A. Our historical database has been cleaned and normalized going back to 2005.
Q. What happens to the raw data after it is collected?
A We begin the challenging task of cleaning and normalizing the raw data so that it can be entered into a single, usable database. Our data through 2021 has been cleaned and normalized thanks to the Coleman Research Lab.
Q. How is the data processed to extract relevant information?
A. We use a combination of human and AI resources to process the raw data, extract relevant information, and apply classifications including type of breach, type of organization, number of records exposed in the breach, and relevant date information.
Q. How is AI involved in processing the data?
A. We use OpenAI’s GPT-3, a powerful language model, to help us classify the breach data. After processing, but before pushing any updates to our database, we pull a random selection of the database (~1%) to check the classifications against the available information.
Q. What are the labels for breach type and business type?
Type of Breach
CARD - Fraud Involving Debit and Credit Cards Not Via Hacking (skimming devices at point-of-service terminals, etc.)
HACK - Hacked by an Outside Party or Infected by Malware
INSD - Insider (employee, contractor or customer)
PHYS - Physical (paper documents that are lost, discarded or stolen)
PORT - Portable Device (lost, discarded or stolen laptop, PDA, smartphone, memory stick, CDs, hard drive, data tape, etc.)
STAT - Stationary Computer Loss (lost, inappropriately accessed, discarded or stolen computer or server not designed for mobility)
DISC - Unintended Disclosure Not Involving Hacking, Intentional Breach or Physical Loss (sensitive information posted publicly, mishandled or sent to the wrong party via publishing online, sending in an email, sending in a mailing or sending via fax)
UNKN - Unknown (not enough information about breach to know how exactly the information was exposed)
Type of Organization:
BSF - Businesses (Financial Services, Banking, Insurance Services)
BSO - Businesses (Manufacturing, Technology, Communications, Other)
BSR - Businesses (Retail/Merchant including Grocery Stores, Online Retailers, Restaurants)
EDU - Educational Institutions (Schools, Colleges, Universities)
GOV - Government & Military (State & Local Governments, Federal Agencies)
MED - Healthcare and Medical Providers (Hospitals, Medical Insurance Services)
NGO - Nonprofits (Charities and Religious Organizations)
UNKN – Unknown
Q. Have you considered revising the labels for breach type and business type?
A. Yes.

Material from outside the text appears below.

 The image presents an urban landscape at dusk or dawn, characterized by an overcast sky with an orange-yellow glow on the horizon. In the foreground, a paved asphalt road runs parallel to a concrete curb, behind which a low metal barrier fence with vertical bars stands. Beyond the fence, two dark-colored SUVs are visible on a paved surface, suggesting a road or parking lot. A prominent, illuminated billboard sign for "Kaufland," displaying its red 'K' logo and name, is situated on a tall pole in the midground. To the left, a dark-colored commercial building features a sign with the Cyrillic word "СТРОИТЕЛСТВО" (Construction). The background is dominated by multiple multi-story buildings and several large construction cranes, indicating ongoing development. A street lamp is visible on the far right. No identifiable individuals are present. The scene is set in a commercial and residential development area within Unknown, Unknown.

We plan to address this when we secure resources for this project.
Data Breach Chronology Dashboard
Q. I have an idea for a new visualization, can I provide input for this project?
A. Yes! Please let us know at email@example.com and include “SUGGESTION” in the subject line.

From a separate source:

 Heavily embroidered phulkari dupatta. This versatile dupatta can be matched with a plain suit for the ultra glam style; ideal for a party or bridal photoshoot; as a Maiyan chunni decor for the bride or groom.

Q. I believe a breach has incorrect information associated with it, how can I alert you?
A. Please email us at firstname.lastname@example.org and include “CORRECTION” in the subject line followed by the name of the breached business that you believe needs to be corrected. In the body of your email, please include the specific reported breach and the proposed correction so we may review.
Limitations and Disclaimers
The Data Breach Chronology is based on publicly available information and should not be considered a complete and accurate representation of every data breach in the United States. Rather, it reflects the data breaches that have been reported and made publicly available in the United States.
You should pay careful attention to the issue of duplicate reporting when making use of this data or making assertions based on this data. This version of the Data Breach Chronology does not identify when a single breach has been reported to multiple state Attorneys General. As of February 2023, there will be duplicated breaches in the database and reflected in the dashboard.
Additionally, though we have (where possible), scraped the contents of breach notification letters and include a link to the original PDF, we do not host these letters locally–and links may no longer be active.
Privacy Rights Clearinghouse makes no representations as to the accuracy of the information included in the Data Breach Chronology.